The first alarm goes off at 8:00. The second one goes off at 9:00. We get up and drag ourselves to the restaurant. Breakfast! Chocolate Müsli for Claudia (yuck!), instant coffee by Nestlé ¹, Toast instead of bread, but two different kinds of big lizards on the stone wall behind our table. We love lizards! Big brown ones, even bigger black ones. One of them even jumped from the wall onto an empty chair. We love big black jumping lizards! 😄
Town centre of Arafo We have the cheapest category of rental car, and therefore no automatic transmission. Claudia is driving. I don’t like to drive, and haven’t driven a car in years. At least she drives once in a while with her parent’s car. In order to get used to manual transmission I paid her a lesson with a driving teacher in Zürich before we left. No problems!
But in a new town, with small streets, tight corners, where you don’t know the way, and where the car is not a dazzling turbo something, things get a bit harder. And so we are confused, get lost, double-turn, miss the right exists, grow frustrated, look for shortcuts uphill until the damn road either ends or is so steep that we don’t dare continue. And by then the road is narrow. So narrow in fact that doing the U-turn is a pain.
This is how we spend our first few hours in Güimar and Arafo.
We also stop in Arafo, looking for the famous bakery suggested by our travel guide. It turns out that it is a very small totally normal looking bakery. Maybe it is special because most villages here don’t have one? We don’t like the look of the food and decide to buy something familiar looking. We call ’em *Prussiens* but they call ’em Palmeritas. Our new favorite snack!
We see lots of old men on the city square. Everything is calm. The weather is hot. The big old trees cast a welcome shade. We sit. We sip some water and eat *Palmeritas*. Time passes.
When we got up we had decided to go hiking in the national park of Teneriffe. Like on most islands, the centre of the island is a national park. This is where the forest is, if there is one at all.
Supermarket in Arafo In a local supermarket we buy some more water. And then we start driving uphill... ²
When we finally reached the ridge separating east from west, cloudy from sunny, cold from wet, we paused and looked around.
Weeds adapted to the dry ground
The winding road goes forever on...
The eastern side is dry and rocky
Another vulcano crater in the distance
Looking down the western side: Clouds! Notice El Teide in the distance.

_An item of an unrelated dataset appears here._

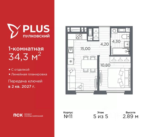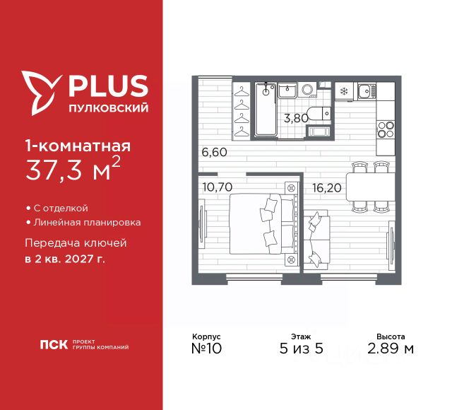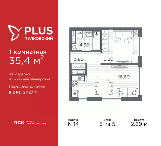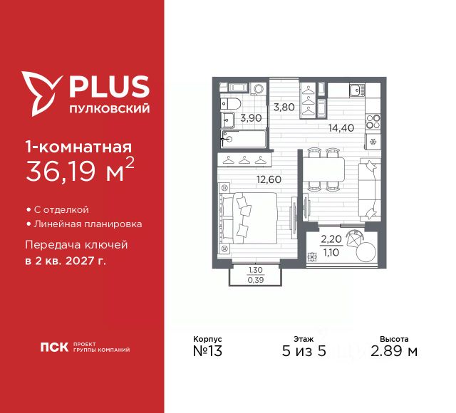 Продается однокомнатная квартира от застройщика с отделкой в ЖК "PLUS Пулковский" на 5 этаже. Общая площадь: 38.38 кв.м., жилая: 11.1 кв.м., площадь просторной кухни-столовой: 17.7 кв.м. Квартира угловая, очень светлая, естественная вентиляция при открытии окон. В квартире один балкон и одна лоджия, один совмещенный санузел. Высота потолков 2.89 м. Дом монолитный, трехподъездный, высотой 5 этажей. Квартира находится в 3-й секции в корпусе 13. На этаже 6 квартир. В подъезде 1 грузовой лифт. Начало строительства - 1 квартал 2026 года. Окончание строительства - 2 квартал 2027 года. Оформление сделки по договору долевого участия. ЖК "PLUS Пулковский" расположен в престижном Московском районе на пересечении Пулковского и Волхонского шоссе, по которым можно быстро добраться до КАД и до станций метро Московская и Звёздная. Поблизости расположены дворцово-парковые ансамбли Пушкина, Павловска, Петергофа, Гатчины, Ломоносова, а также вся торговая и развлекательная инфраструктура: ТК Лето, Outlet Village Pulkovo, Пулково-3, гипермаркеты Лента, Окей, Metro. На территории комплекса будут построены средняя образовательная школа на 825 мест с двумя бассейнами, 2 детских сада на 220 мест каждый. В детских садах тоже будут бассейны. Кроме этого будет построен медицинский центр для взрослых и детей. Во дворах буду оборудованы спортивные и безопасные детские площадки, на первых этажах домов будут расположены коммерческие помещения. Для автолюбителей будут подземные и наземный паркинги. Для жителей домов будет доступно "приложение жителя", которое предоставит такие возможности: — дистанционное открытие дверей в парадную и на территорию комплекса, — просмотр изображений с видеокамер, — контроль за показаниями счетчиков, — коммуникация с УК. Показания всех счетчиков будут собираться дистанционно. В квартирах будет выполнена коллекторная разводка отопления в стяжке пола от коллекторов в межквартирных коридорах. Застройщик ЖК "PLUS Пулковский" - группа компаний ПСК, которая является одной из ведущих девелоперских компаний Санкт Петербурга. Более 16 лет она возводит в Северной столице качественное жилье премиум, бизнес и комфорт-класса, социальные объекты школы и детские сады, апарт-комплексы и торговые центры и является четырехкратным обладателем золотого знака "Надежный застройщик России". #zmf337

We wanted to hike in the Orotava valley, but when we saw the clouds down on the western side, we decided to stay around the mountain, the Teide. We did a three hour hike starting from El Portillo: Arenas negras.
The first part had a trail through lots of bushes overgrowing it from time to time. It was always the same bush. Sometimes we saw big spiders in their nets. It was always the same spider. Black and yellow legs. Some red markings. We also saw lots of caterpillars. It was always the same caterpillar, feeding on always the same bush. I bet the spider its the butterfly.
It was weird. One bush. One spider. One caterpillar.
The caterpillar was nice. Green, hairy, red and yellow dots. No pictures, unfortunately.
Finding our way was often frustrating. Trying to evade the cobwebs, trying to avoid ticks, trying to find the trail again.
The trail started with a sign saying “Beware the bee hives!”
That was weird, too.
We reached the plateau: El Portillo
At first, a flat plain, with round bushes.
Erosion exposing the layers and layers of lava, ashes, and dirt.
he descent over the black lava slope: Arenas Negras.
Back in Güimar we went looking for some Tortilla. Basic food, but eatable. But we found no bar that we liked, and no bank that was open. And the ATM will cost us CHF 5 for every transaction. We bought a lot of food in another supermarket instead.
Later that evening we jumped in the pool back at the hotel. The sun was gone and it was cold. But after the long hike, we needed it.